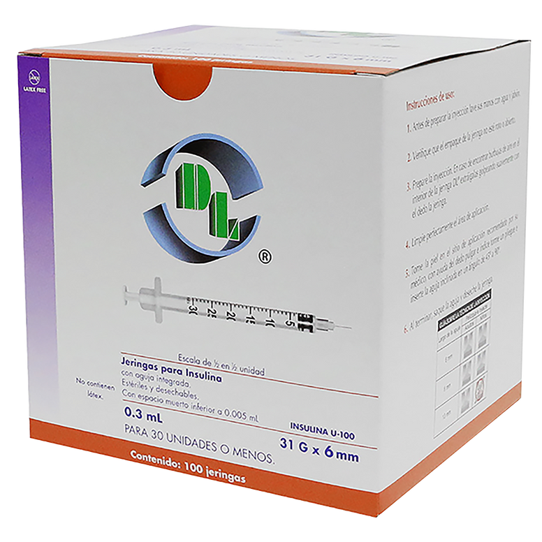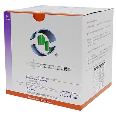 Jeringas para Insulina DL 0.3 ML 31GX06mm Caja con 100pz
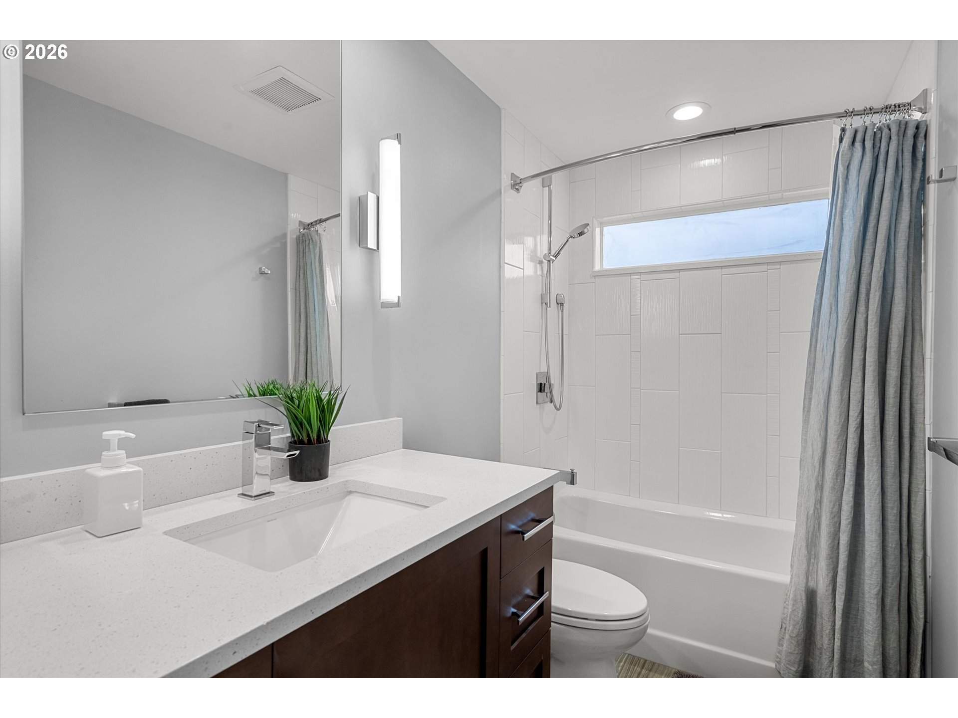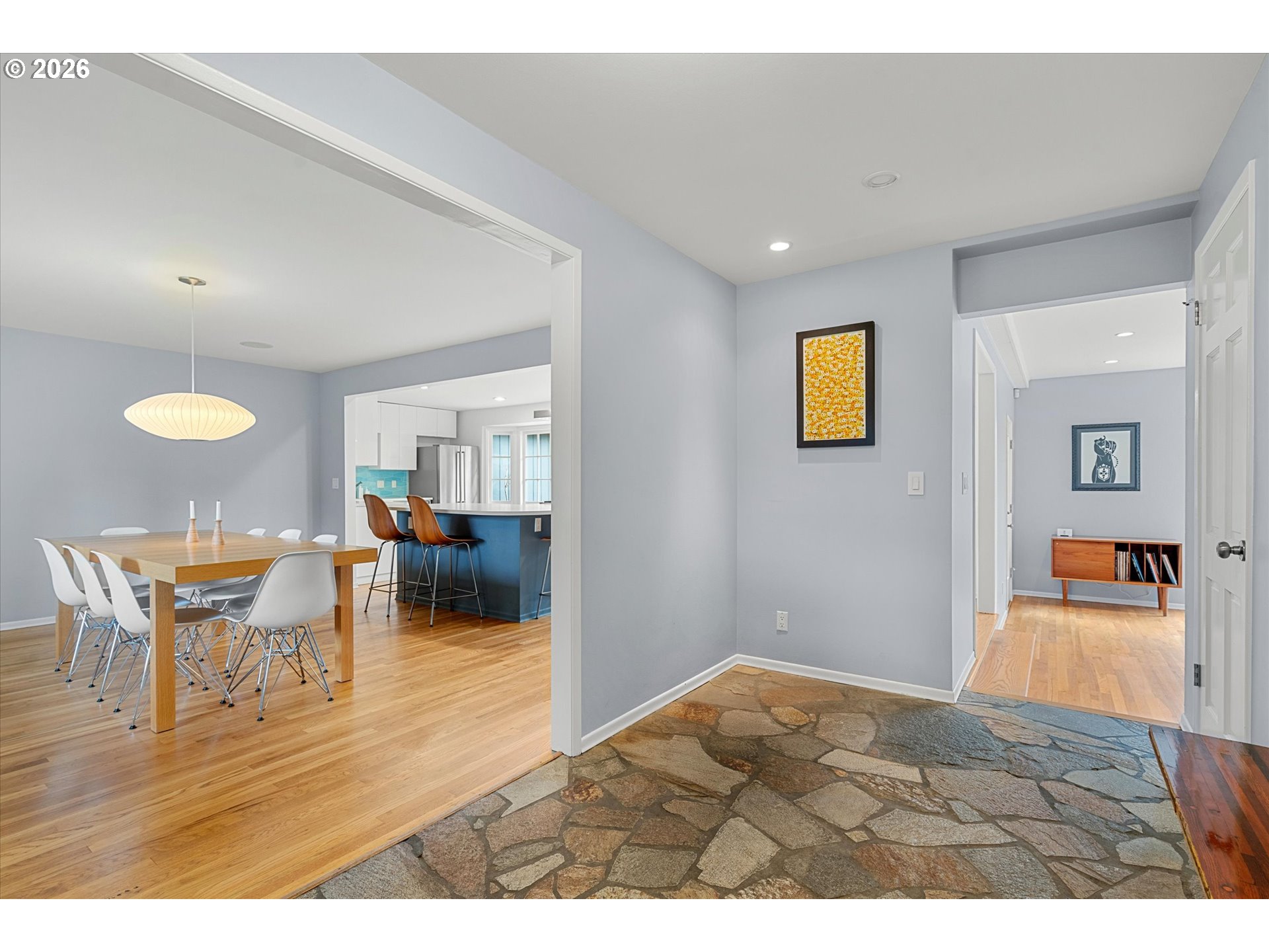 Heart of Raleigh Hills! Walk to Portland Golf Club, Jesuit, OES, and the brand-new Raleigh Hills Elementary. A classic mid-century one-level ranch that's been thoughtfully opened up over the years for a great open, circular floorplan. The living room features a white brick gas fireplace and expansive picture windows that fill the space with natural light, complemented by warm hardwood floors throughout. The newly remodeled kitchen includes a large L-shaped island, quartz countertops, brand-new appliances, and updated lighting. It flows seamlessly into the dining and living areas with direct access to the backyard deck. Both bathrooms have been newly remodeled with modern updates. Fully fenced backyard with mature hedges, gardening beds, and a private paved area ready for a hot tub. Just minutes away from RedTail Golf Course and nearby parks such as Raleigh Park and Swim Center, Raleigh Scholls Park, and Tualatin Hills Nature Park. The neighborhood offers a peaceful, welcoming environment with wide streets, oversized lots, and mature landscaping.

------------------------------------

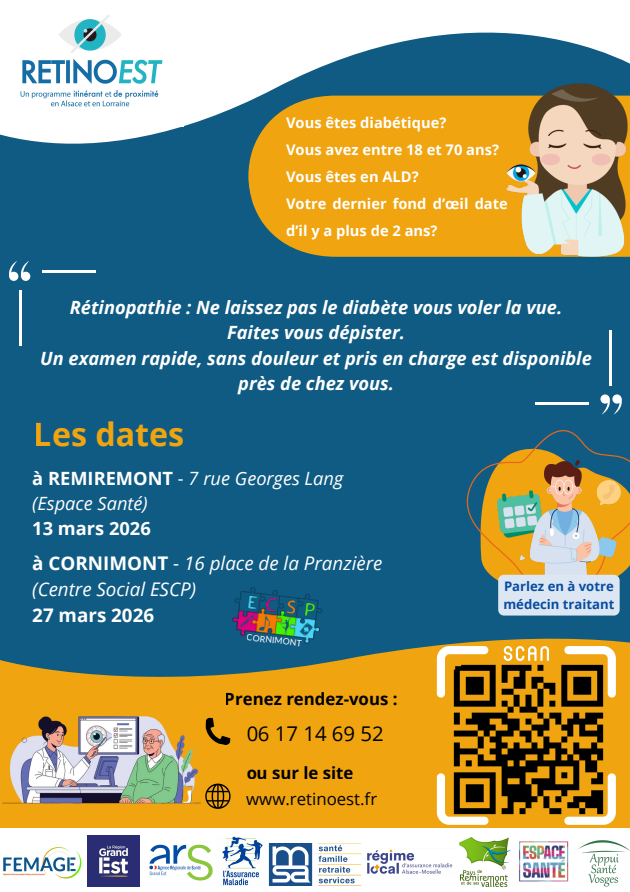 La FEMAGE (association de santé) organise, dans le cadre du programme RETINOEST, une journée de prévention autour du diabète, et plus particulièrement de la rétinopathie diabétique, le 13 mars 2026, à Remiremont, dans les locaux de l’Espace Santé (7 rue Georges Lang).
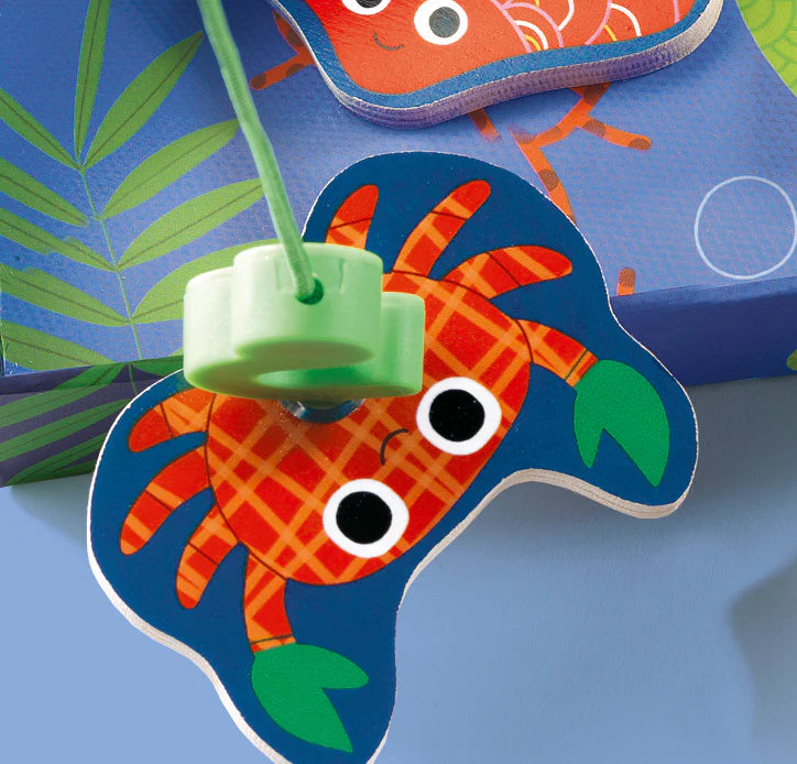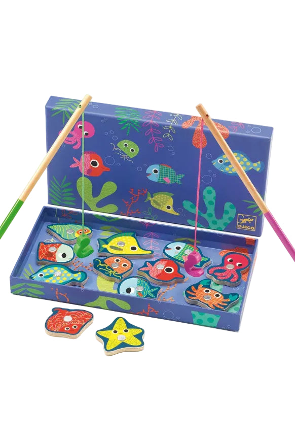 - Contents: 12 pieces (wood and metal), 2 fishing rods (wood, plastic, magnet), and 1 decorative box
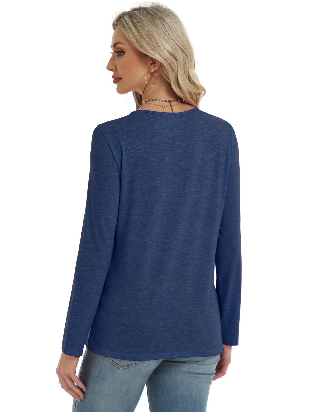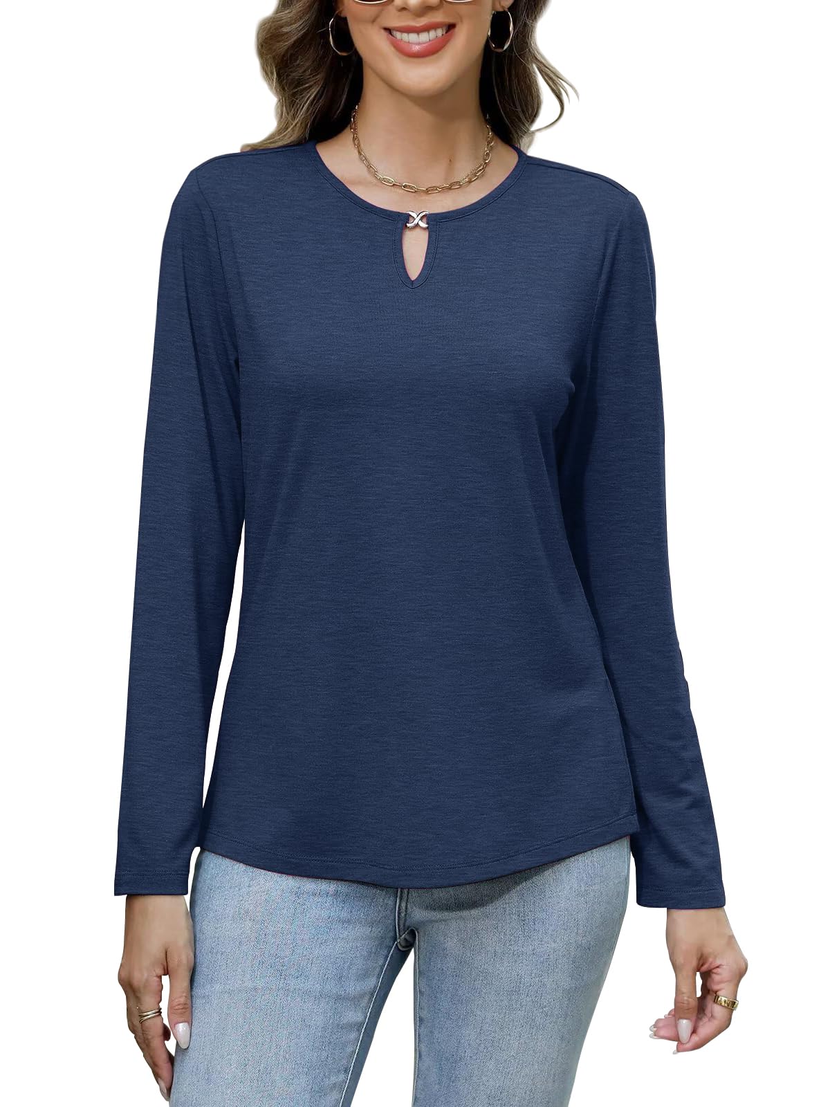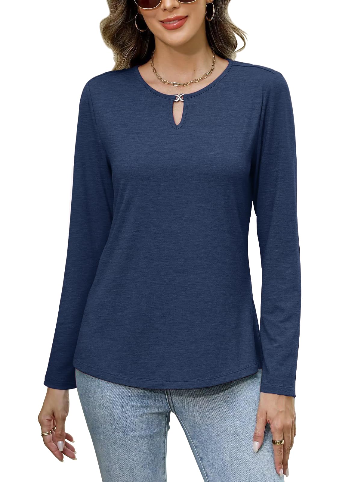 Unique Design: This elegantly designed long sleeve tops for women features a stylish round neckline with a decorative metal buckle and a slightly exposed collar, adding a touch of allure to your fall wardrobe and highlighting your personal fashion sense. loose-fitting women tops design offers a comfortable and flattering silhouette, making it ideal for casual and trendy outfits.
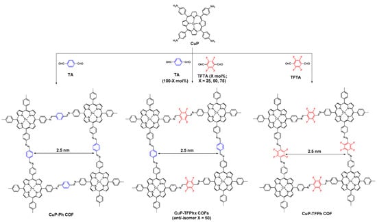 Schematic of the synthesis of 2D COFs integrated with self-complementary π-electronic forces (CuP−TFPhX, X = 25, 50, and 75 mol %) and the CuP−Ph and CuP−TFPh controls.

------------------------------------

TASK OBJECTIVE
Range to print from the listing above: from the line with "Unique Design: This" up to and including the line with "Schematic of the". Please print those lines exactly, with no pictures and nothing more.

RESULT
 Unique Design: This elegantly designed long sleeve tops for women features a stylish round neckline with a decorative metal buckle and a slightly exposed collar, adding a touch of allure to your fall wardrobe and highlighting your personal fashion sense. loose-fitting women tops design offers a comfortable and flattering silhouette, making it ideal for casual and trendy outfits.
 Schematic of the synthesis of 2D COFs integrated with self-complementary π-electronic forces (CuP−TFPhX, X = 25, 50, and 75 mol %) and the CuP−Ph and CuP−TFPh controls.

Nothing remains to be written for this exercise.